I know, confusing, right? It’s a big, lush olive tree, on a grassy slope. What kind of hell is that?
Well, friends, this is something I would like to explore today.
I’d like to tell you about my pilgrimage in and out of the Valley of Hinnom, in Greek known as Gehenna – the word that in the New Testament of the Bible is most frequently translated as hell.
And as I share about this place, I’d like to talk a little bit about what I think hell is and isn’t. I preached about this topic like three years ago, and I heard a lot of you found it helpful, so we come back to again, from another angle. Today, I want to talk a little bit about the words in the Bible behind this concept of hell, what it is or isn’t from my perspective, and how when Jesus talks about this experience that our English Bibles often call hell, he’s not trying to make us judgmental or terrified. He’s trying to help us and liberate us.
So let’s go to Jesus, first. In the middle of Mark’s writings about this life, Jesus says:
Mark 9: 42-50 (Common English Bible)
42 “As for whoever causes these little ones who believe in me to trip and fall into sin, it would be better for them to have a huge stone hung around their necks and to be thrown into the lake.
43 If your hand causes you to fall into sin, chop it off. It’s better for you to enter into life crippled than to go away with two hands into the fire of hell, which can’t be put out.
45 If your foot causes you to fall into sin, chop it off. It’s better for you to enter life lame than to be thrown into hell with two feet.
47 If your eye causes you to fall into sin, tear it out. It’s better for you to enter God’s kingdom with one eye than to be thrown into hell with two.
48 That’s a place where worms don’t die and the fire never goes out.
49 Everyone will be salted with fire.
50 Salt is good; but if salt loses its saltiness, how will it become salty again? Maintain salt among yourselves and keep peace with each other.”
Alright, Jesus is getting feisty here, isn’t he? He could have just said: Watch out! Be careful. But instead, he goes on about cutting off hands, ripping out eyes, and mentioning something our translation calls hell three times.
I was trying to remember this week the first time I heard this word “hell” when I was a kid. I’m pretty sure at first I just knew it was a bad word and that sometimes I heard grownups using it when they were angry.
Later on, I picked up the idea that some Christians think different people go to this place called hell when they die. Growing up, I realized that some Christians had lots of ideas about hell: how bad it was, and exactly who was going to go there after they die.
Weird thing is they didn’t agree. Even weirder thing is that I never heard anyone ever wonder if they were the ones going to hell. It was always someone else. I never trusted these judgy, doomsday certainties. But I did always wonder what Jesus meant when he talked this way.

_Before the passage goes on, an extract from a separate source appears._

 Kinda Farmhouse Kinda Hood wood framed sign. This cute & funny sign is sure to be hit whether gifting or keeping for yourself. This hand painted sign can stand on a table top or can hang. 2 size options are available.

Here Jesus is in his adopted hometown, the poor village of Capernaum, by the shore of the big lake of Galilee. Jesus didn’t grow up there, but it seems that he moved there when he began his ministry as a rabbi. It was the hometown of some of his students, Peter and Andrew, probably also James and John.
Jesus is talking to a group of kids in the neighborhood there, hanging out, and some adults come along and interrupt them, and try to get Jesus to talk about stuff that interests them. Adults can be so rude, right? – interrupting kids left and right. Well, Jesus humors them for a minute, and then he brings the subject back to kids and grownups, and says the words of warning I read for us today.
Jesus is like,
grownups, if you hurt a kid, that’s like the worst thing you can do.

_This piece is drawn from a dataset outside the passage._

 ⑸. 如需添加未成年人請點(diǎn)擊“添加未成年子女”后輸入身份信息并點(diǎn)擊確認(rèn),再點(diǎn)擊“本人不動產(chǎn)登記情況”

And to bring his point home, he gets vivid about just how bad this is. He’s like:
hey, if you hurt a kid, you’re better off dead, as far as I’m concerned.
He calls hurting kids a big, big sin.
And then he goes on with this interesting bit, where he’s like,
figure out what parts of you are making you sin, and deal with them, because you’re better off practicing self-control, healing, and keeping yourself from hurting people, especially hurting kids, than not dealing with your issues, causing all kinds of problems, and then suffering bigger consequences later.

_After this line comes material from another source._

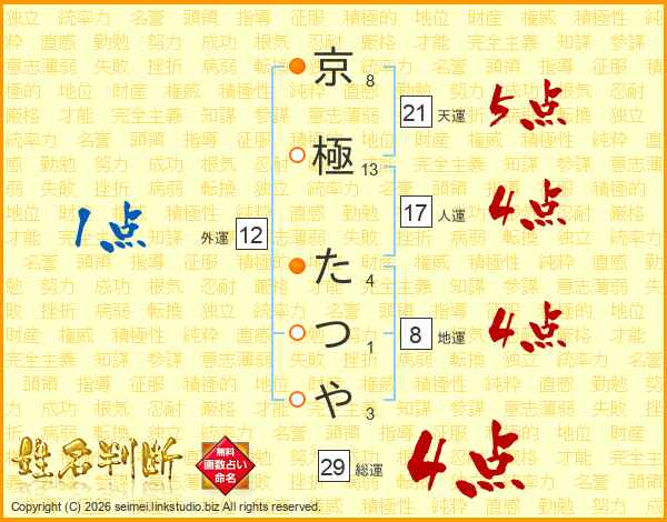 京極たつやさんの天運は21画の5点!

Makes sense, right? Deal with your issues. We all need to deal with the bad parts of us, because we can hurt people. The bad parts of ourselves can mess up lots of people’s lives, our own included.
Makes sense. The intense part here, though, is the language about these consequences – Jesus talking about “hell” in English at least, and this place with fires and salt and undying worms.
Gross, I know. Sorry. But what does Jesus mean?
Can we take a minute to swirl back around to that?
So, hell – first off, that word is not in the Bible. The Bible is written in Hebrew mostly, Aramaic (a couple itty bitty parts) and then the New Testament in Greek. And none of them have a word that really matches the English idea of hell. That kind of got filled out, even made up, later. White people making up scary stories over the ages.
There are, though, three different words and phrases, in the Bible, that sometimes get translated or thought about as hell.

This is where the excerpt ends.